Jill Valentine estava sentada num dos bancos do corredor da sala de imprensa, cabisbaixa. A coletiva terminara há quase meia-hora, mas ela ainda não se conformava. Ninguém acreditara nas palavras dela e dos outros sobreviventes! Quando eles revelaram a verdade sobre os assassinatos nos arredores da cidade, os céticos repórteres e oficiais riram, sem dar qualquer crédito à história!

A policial ergueu a cabeça ao ouvir passos. Chris se aproximava. Beijaram-se. Logo depois o atirador respirou fundo, olhando de modo apreensivo para os lados. Ninguém os ouviria. Mais calmo, Redfield disse à namorada:

– Aquele delegado é um legítimo filho da mãe... Com certeza deve estar na lista de pagamento da Umbrella!

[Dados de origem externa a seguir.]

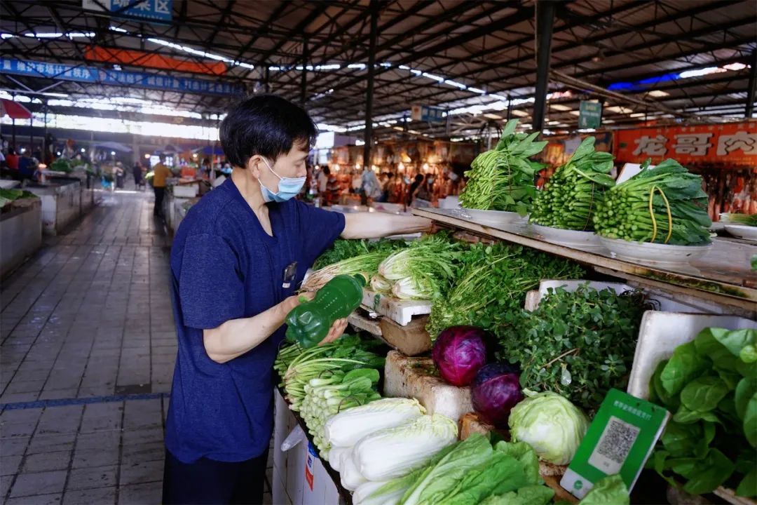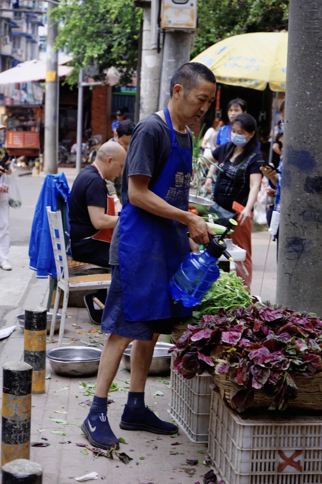 得闲,蒋大哥又往码得齐整的菜堆上喷洒清水,以始终维持菜叶的水灵,极佳的卖相。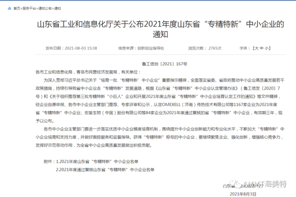 2021年8月,YO米直播NBA最新消息(AMMT海美特)获批2021年度山东省“专精特新”中小企业荣誉称号!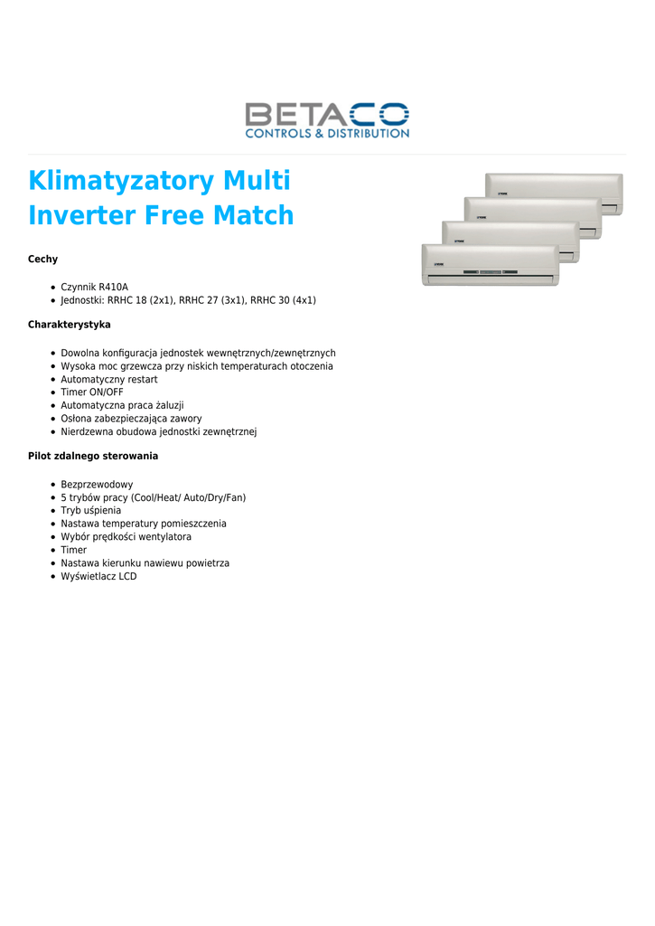 Klimatyzatory Multi Inverter Free Match Cechy Czynnik R410A Jednostki: RRHC 18 (2x1), RRHC 27 (3x1), RRHC 30 (4x1) Charakterystyka Dowolna konfiguracja jednostek wewnętrznych/zewnętrznych Wysoka moc grzewcza przy niskich temperaturach otoczenia Automatyczny restart Timer ON/OFF Automatyczna praca żaluzji Osłona zabezpieczająca zawory Nierdzewna obudowa jednostki zewnętrznej Pilot zdalnego sterowania Bezprzewodowy 5 trybów pracy (Cool/Heat/ Auto/Dry/Fan) Tryb uśpienia Nastawa temperatury pomieszczenia Wybór prędkości wentylatora Timer Nastawa kierunku nawiewu powietrza Wyświetlacz LCD Jednostki zewnętrzne RRJC Kod modelu Wydajność chłodnicza Wydajność grzewcza Zasilanie V/Q/Hz Pobór mocy kW Wymiary RRJC 12 5,3 (2,7 / 5,6) 6,3 (3,1 / 6,7) 230/1/50 1,7 / 2,0 695 x 845 x 335 RRJC 27 6,5 (2,8 - 9,5) 7,5 (3,4 - 10,4) 230/1/50 2,4 / 2,6 695 x 845 x 335 RRJC 30 8,2 (2,1 - 10,6) 8,5 (2,6 - 11,0) 230/1/50 2,7 / 2,8 860 x 895 x 330 Jednostki wewnętrzne RRKC Kod modelu Wydajność chłodnicza Wydajność grzewcza Zasilanie V/Q/Hz Pobór mocy kW Wymiary RRKC 07 2,0 2,3 230/1/50 - 250 x 710 x 190 RRKC 09 2,5 3,0 230/1/50 - 250 x 710 x 195 RRKC 12 3,4 3,5 230/1/50 - 265 x 790 x 193 Kompatybilność jednostek wewnętrznych/zewnętrznych RRHC 18 Dwie jednostki wewnętrzne RRHC 27 Trzy jednostki wewnętrzne RRHC 30 Cztery jednostki wewnętrzne 07 x 2 07 + 09 07 x 3 07 x 2 + 09 09 x 2 + 12 07 x 4 07 x 3 + 09 07 x 2 + 09 x 2 09 x 2 07 + 12 09 x 3 07 x 2 + 12 12 x 2 + 07 09 x 3 + 07 07 x 3 + 12 07 x 2 + 09 + 12 12 x 2 09 + 12 07 + 09 + 12 09 x 2 + 07 12 x 2 + 09 09 x 2 + 07 + 12 - -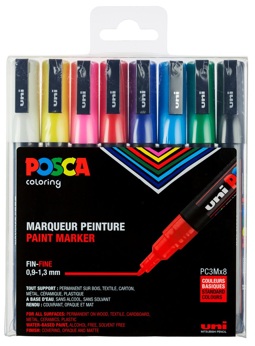 • Uni Posca Markers PC-3M – set med Poscapennor i storlek 0,9–1,3 mm.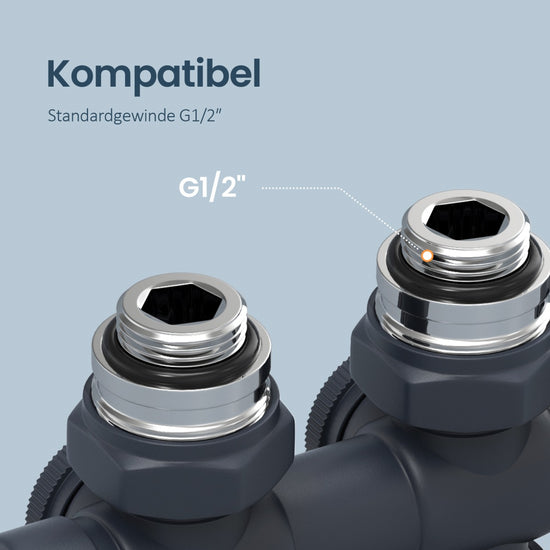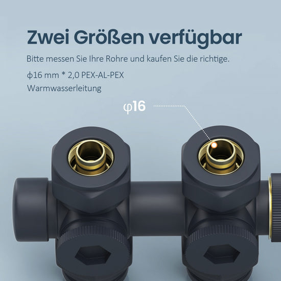Hinweis: Für 15 mm Rohrleitungen kontaktieren Sie bitte den Kundenservice. Nur geeignet für Zweirohr-Heizsysteme.

– Então eles não vão mesmo iniciar uma investigação?

– É extremamente improvável que eles tomem qualquer providência. Teremos de agir por conta própria. Por isso decidi viajar até a Europa para espionar a sede mundial da Umbrella. Barry, por segurança, enviou a família dele para o Canadá, e disse que irá comigo. John e Rebecca tentarão se infiltrar na filial da empresa em Chicago. E quanto a você, Jill?

– Eu não sei... Creio haver algo nesta cidade que ainda não foi averiguado... A Umbrella possui mais laboratórios em Raccoon, tenho certeza! Mas prometo que me juntarei a vocês na Europa assim que concluir meu trabalho por aqui!

– É uma decisão sábia. Apenas cuide-se, OK?

Trocaram novo ósculo, desta vez mais intenso e apaixonado. Justiça seria feita. Eles se amavam, e juntos colocariam um fim na maldita Umbrella. Definitivamente.

Um mês mais tarde, em setembro, teria início a epidemia em massa do T-Virus no setor urbano de Raccoon City...

FIM

Luiz Fabrício de Oliveira Mendes – “Goldfield”.